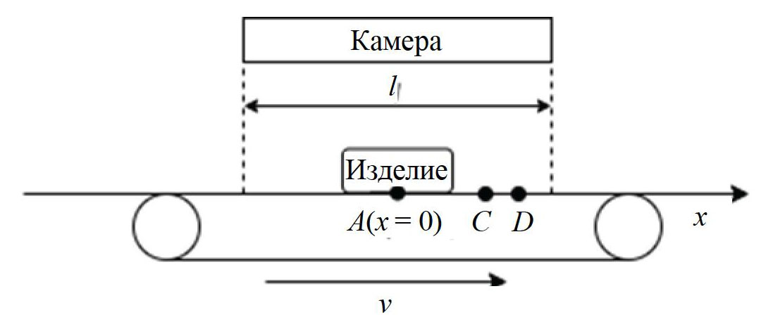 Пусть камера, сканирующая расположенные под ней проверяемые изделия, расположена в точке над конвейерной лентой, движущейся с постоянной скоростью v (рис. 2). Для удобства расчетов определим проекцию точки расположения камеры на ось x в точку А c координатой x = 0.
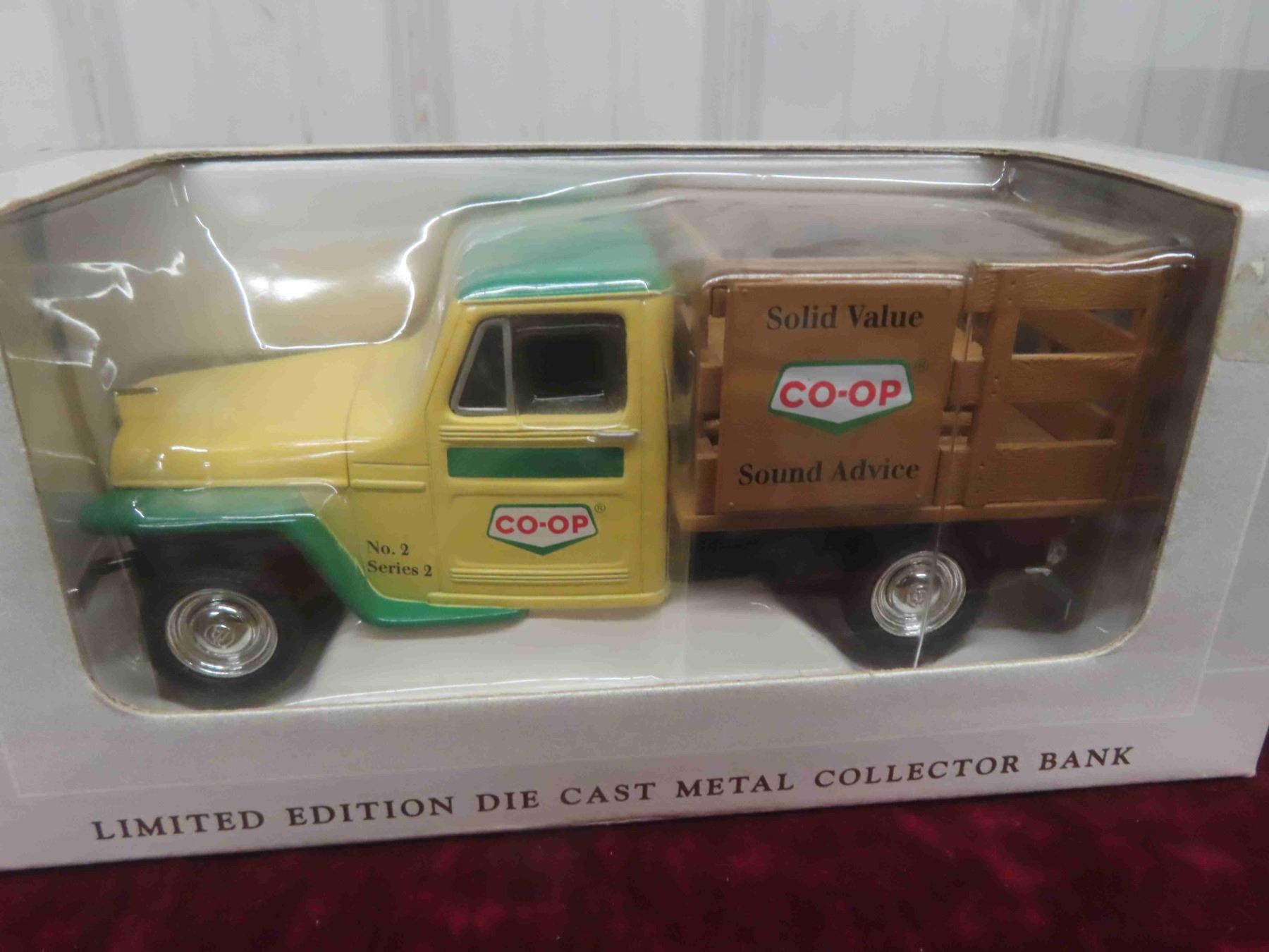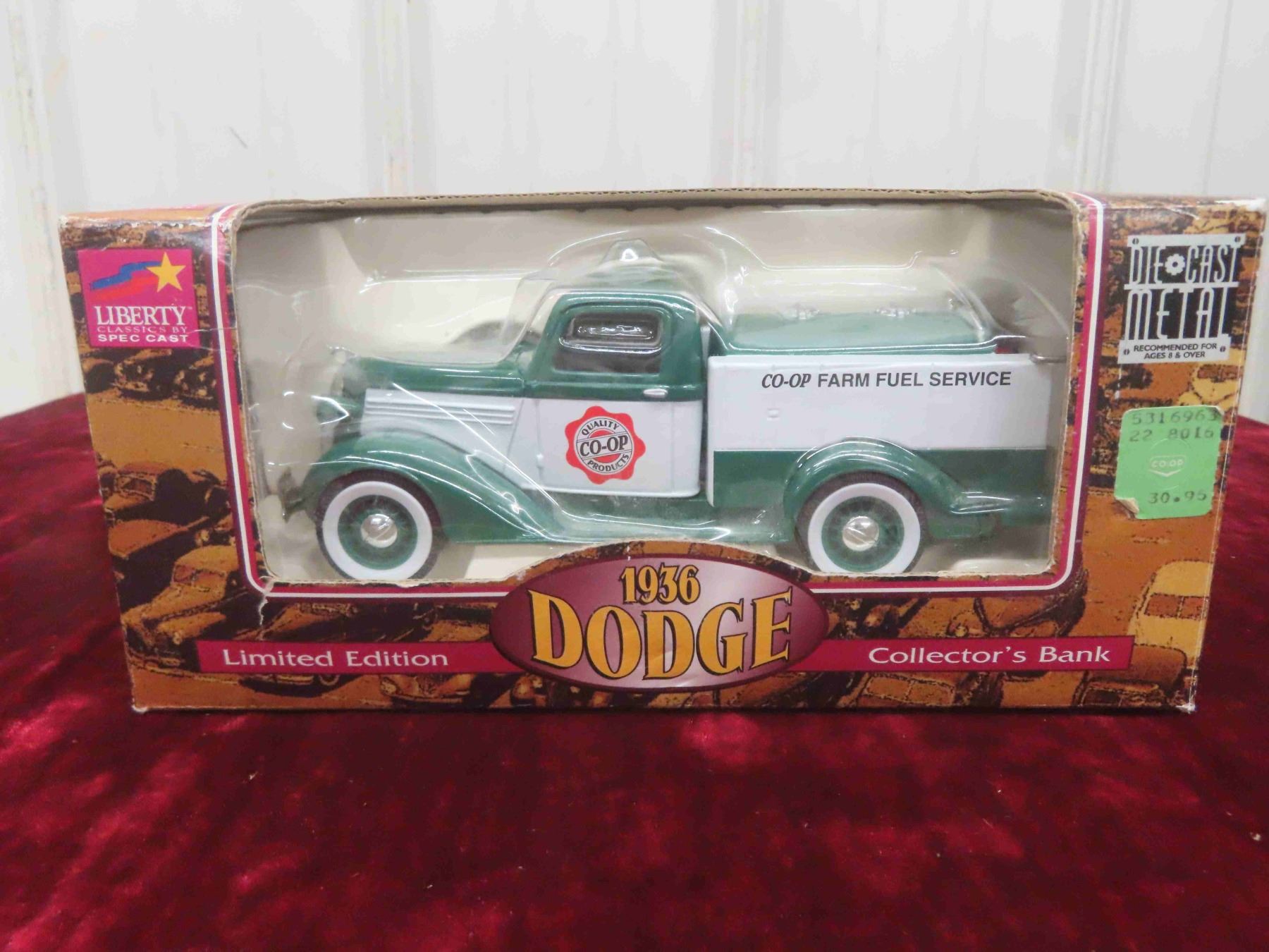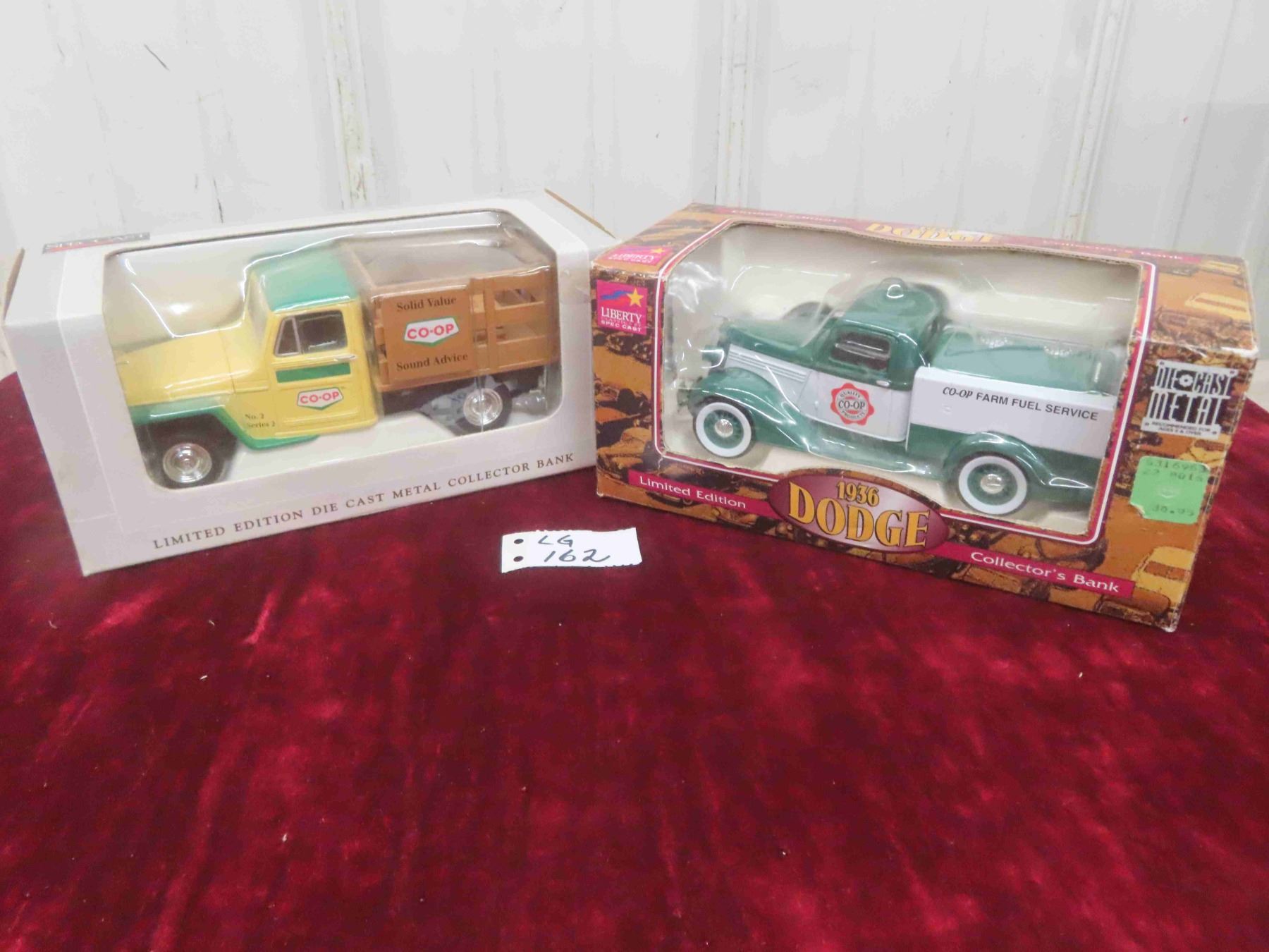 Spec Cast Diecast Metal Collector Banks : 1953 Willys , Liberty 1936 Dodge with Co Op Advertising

+---+

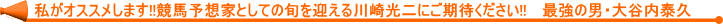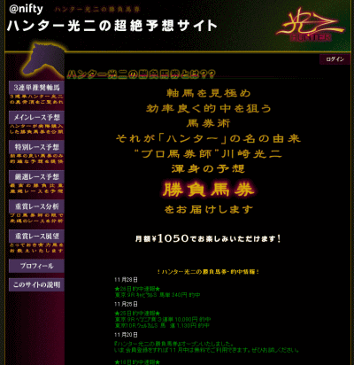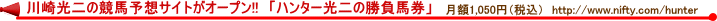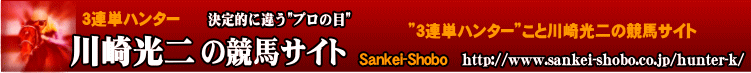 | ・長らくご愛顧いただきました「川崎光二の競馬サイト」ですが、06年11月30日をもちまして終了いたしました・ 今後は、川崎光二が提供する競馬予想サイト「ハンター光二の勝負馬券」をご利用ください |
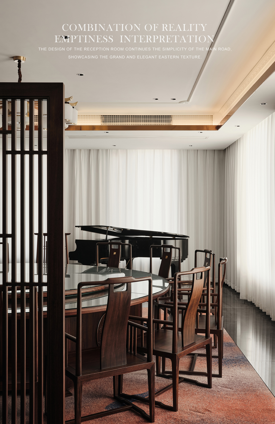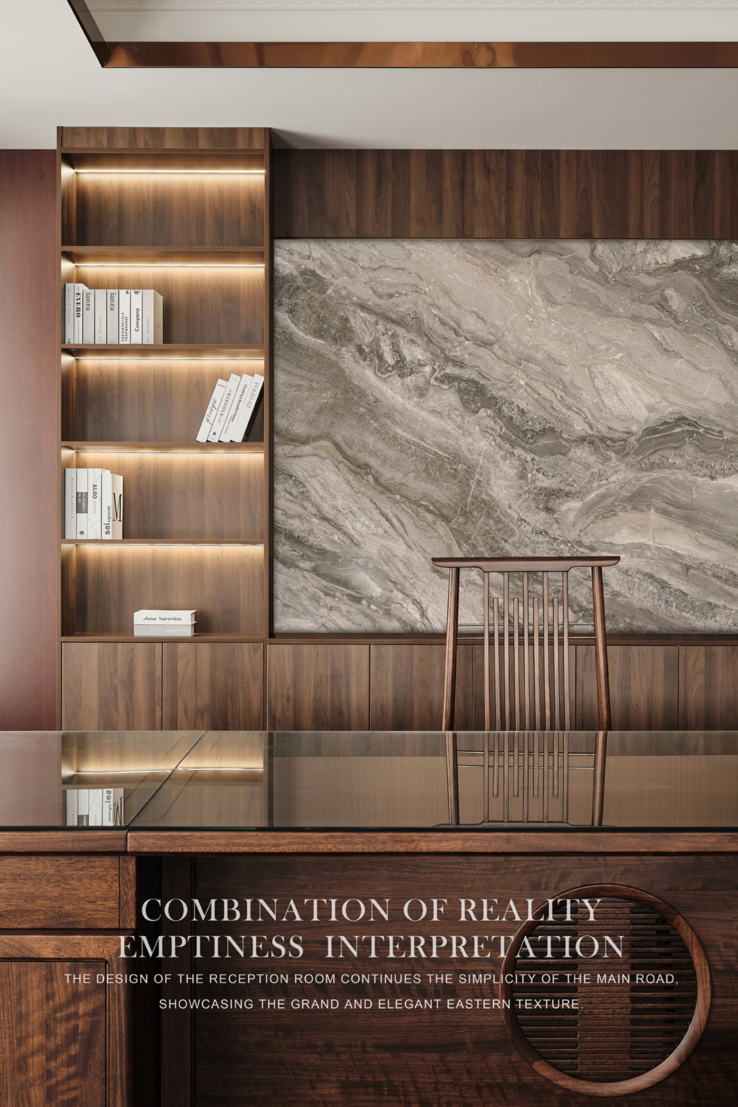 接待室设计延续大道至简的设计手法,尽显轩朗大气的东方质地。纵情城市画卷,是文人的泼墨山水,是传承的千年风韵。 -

+---+

What you have to do -> An exact copy is needed of the entries above, starting at the line that holds "Пусть камера, сканирующая" and stopping at the line that holds "Spec Cast Diecast", both kept; pictures stay out.

Solution to the problem ->
 Пусть камера, сканирующая расположенные под ней проверяемые изделия, расположена в точке над конвейерной лентой, движущейся с постоянной скоростью v (рис. 2). Для удобства расчетов определим проекцию точки расположения камеры на ось x в точку А c координатой x = 0.
 Spec Cast Diecast Metal Collector Banks : 1953 Willys , Liberty 1936 Dodge with Co Op Advertising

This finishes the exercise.